Let X be a measurable set with $ \mu (X) < \infty $ and $ 1 \leq p < \infty $
Let $ (f_n)_{n \in \mathbb{N}} \subset X $ and $f \in L^{p}(X)$ with $\lim_{n \to \infty}||f_n - f|| = 0 $
Show that $ \forall$ $\epsilon >0 \ \exists \ \delta >0 $ such that $\forall n \in \mathbb{N} $
$\int_{E}|f_n| \leq \epsilon \ \forall \ E \subset X$ with $\mu(E)<\delta$
Since $ | f_n |^p $ is integrable and positive, we can find $ \delta $ that for every set $ E \subset X $ with $ \mu(E) < \delta $ that $ \int_{E}|f_n |^p <\epsilon $
The problem is that this goes for $ f_n $ specifically for the $ n $ chosen, how can I use the limit of $ ||f_n -f || $ to generalize for all $ n$?

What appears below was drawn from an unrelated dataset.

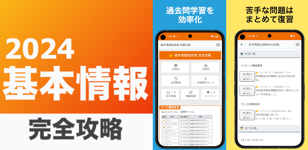 この基本情報技術者試験対策アプリは、皆さまが時間を無駄にせずに、効率的に試験を突破してもらうために、自身の基本情報技術者をはじめとする数々の情報処理技術者試験を受験してきた経験や15年以上のIT業界経験をもとに様々な工夫を凝らしています。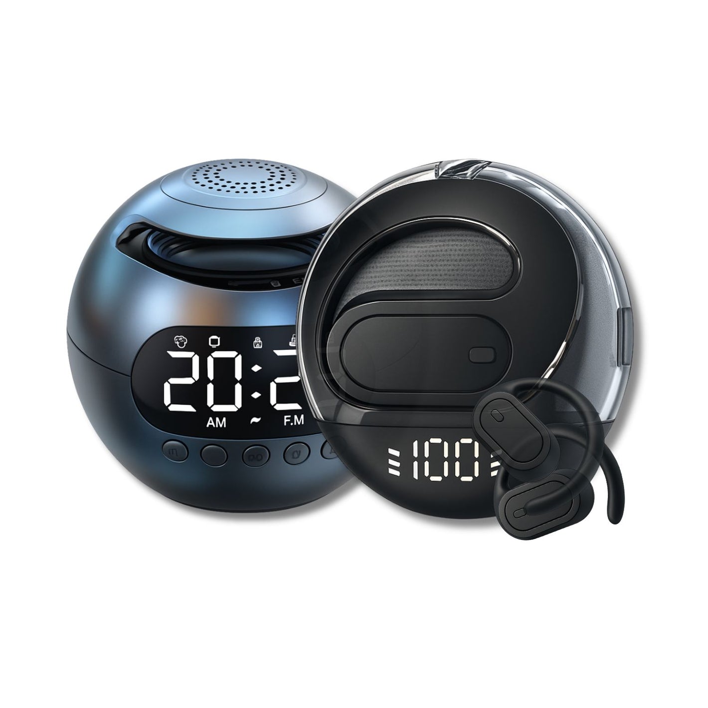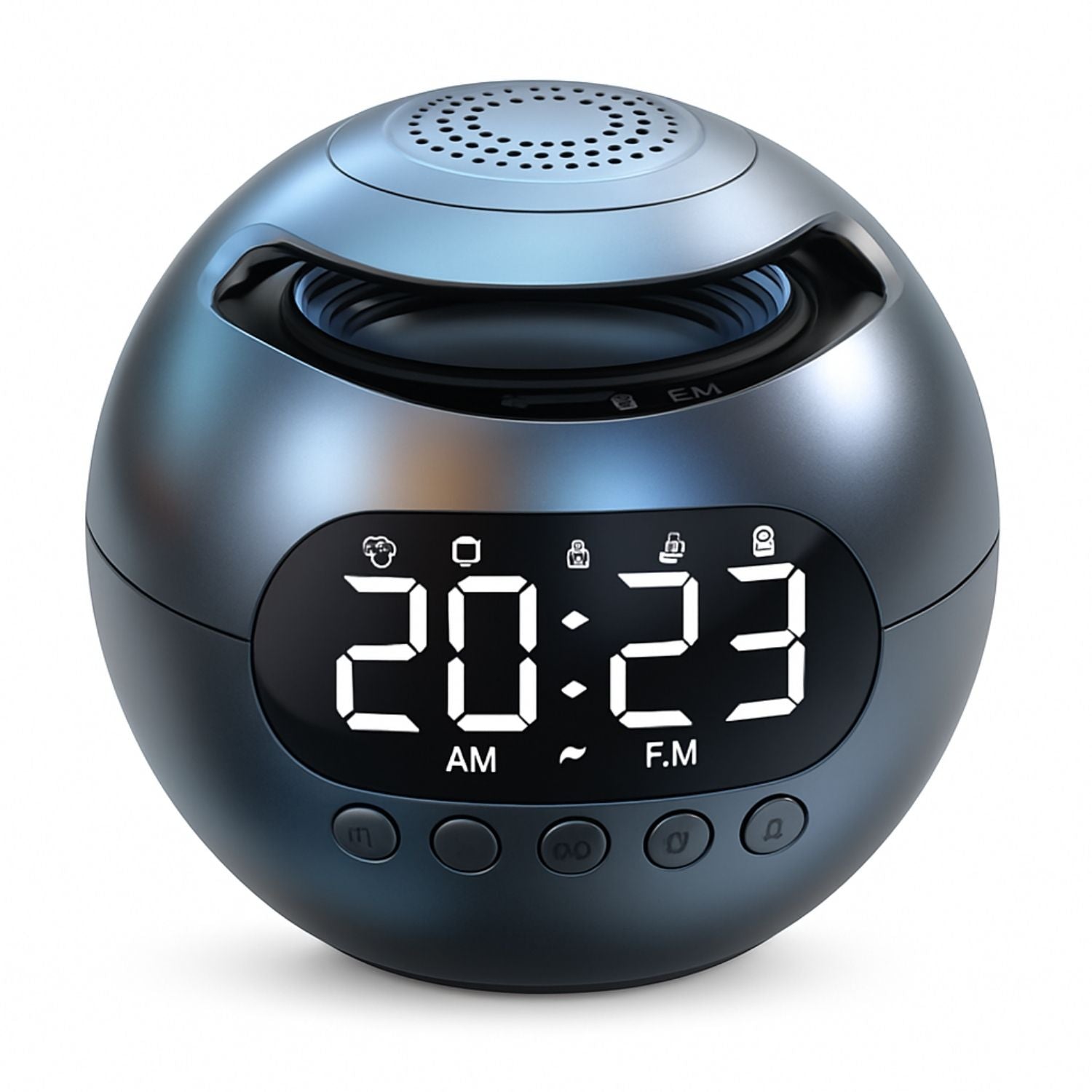 Your portable all-in-one LOOMI sound system — rich Bluetooth audio, dual alarms, and smart voice control in a sleek, travel-ready design.

Since the measure space is finite convergence in $L^p$ implies convergence in $L^1$. So for a given $\epsilon$ choose $n_0\in\mathbb{N}$ such that $||f_n-f||_1<\frac{\epsilon}{2}$ for all $n>n_0$. Now, since $f\in L^1$ we know that there is $0<\delta$ such that for all $E\subseteq X$ with $\mu(E)<\delta$ we have $\int_E |f|<\frac{\epsilon}{2}$. Alright, so for all $n>n_0$ and each such set $E$:
$\int_E |f_n|=\int_E |f_n-f+f|\leq\int_E |f_n-f|+\int_E |f|\leq\int_X |f_n-f|+\int_E |f|\leq \frac{\epsilon}{2}+\frac{\epsilon}{2}=\epsilon$
So this $\delta$ works for all $n>n_0$. Now, before $n_0$ there are only finitely many functions in the sequence. So for each $n\leq n_0$ choose $\delta_n$ which works for $f_n$ and then take $\min\{\delta_1,...,\delta_{n_0},\delta\}$.